Use of AI in the production of text through Large Language Models (LLMs) is widespread and growing, with potential applications in journalism, copywriting, academia, and other writing tasks. As such, it is important to understand whether text produced or summarized by LLMs exhibits biases. The studies presented here demonstrate that the LLM ChatGPT-3 reflects human biases for certain types of content in its production. The presence of these biases in LLM output has implications for its common use, as it may magnify human tendencies for content which appeals to these biases.


Here are the main points:
  • LLMs display stereotype-consistent biases, just like humans: Similar to people, LLMs were more likely to preserve information confirming stereotypes over information contradicting them.
  • Bias location might differ: Unlike humans, whose biases can shift throughout the retelling process, LLMs primarily showed bias in the first retelling.

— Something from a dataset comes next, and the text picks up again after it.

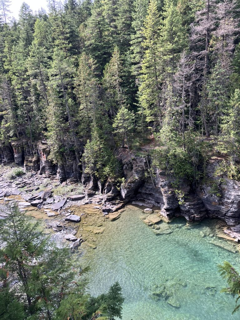 From Sun Point, there’s a nice trail that goes to three different falls, Baring Falls, St. Mary Falls, and Virginia Falls trails, with Virginia Falls the furthest away and the most arduous as it goes uphill quite a ways, i think. I started along that trail, first visiting the Sunrift Gorge, along a short side trail, and then planning to head further along to the first of the three falls. I never actually past the Sunrift Gorge, though.
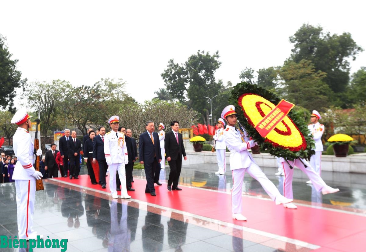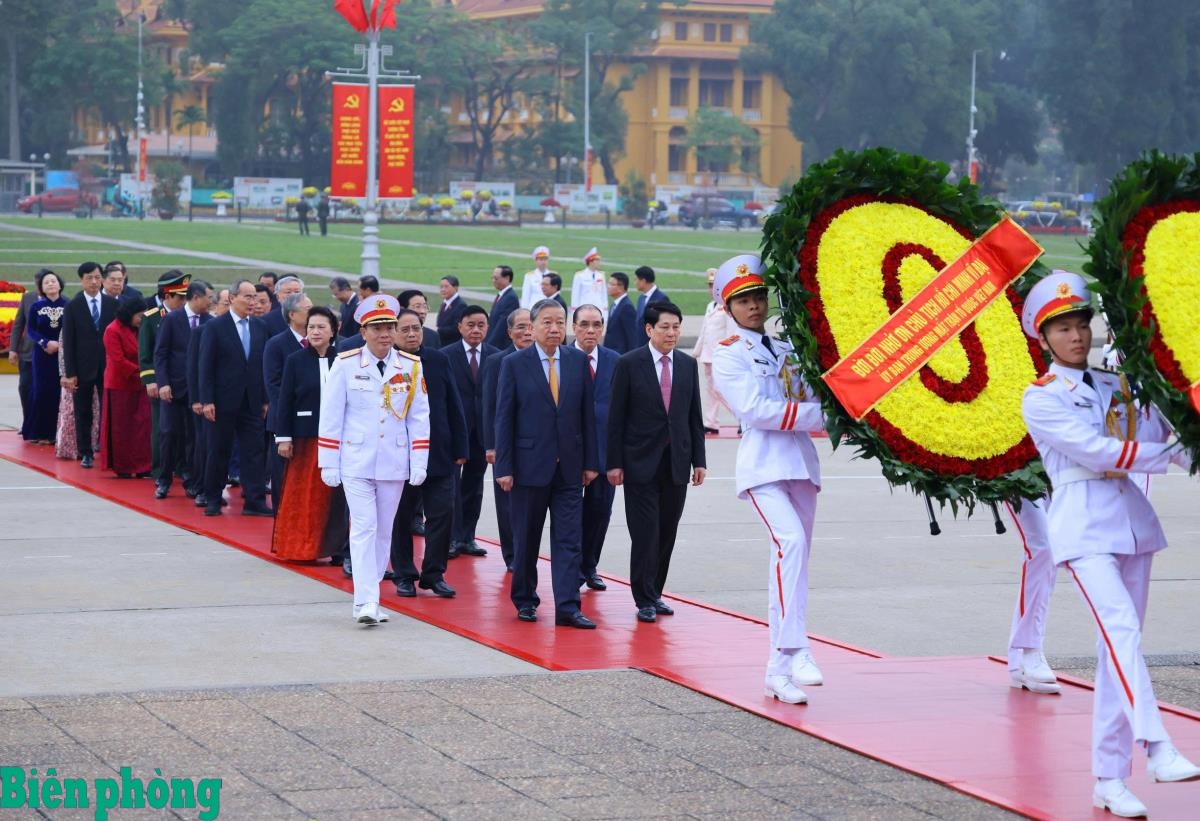 Đoàn đại biểu lãnh đạo, nguyên lãnh đạo Đảng, Nhà nước đến đặt vòng hoa, vào Lăng viếng Chủ tịch Hồ Chí Minh. Ảnh: Hồng Pha

This suggests their biases stem from their training data rather than a complex cognitive process.
  • Simple summarization may suffice: The first retelling step caused the most content change, implying that even a single summarization by an LLM can reveal its biases. This simplifies the research needed to detect and analyze LLM bias.
  • Prompting for different viewpoints could reduce bias: The study suggests experimenting with different prompts to encourage LLMs to consider broader perspectives and potentially mitigate inherent biases.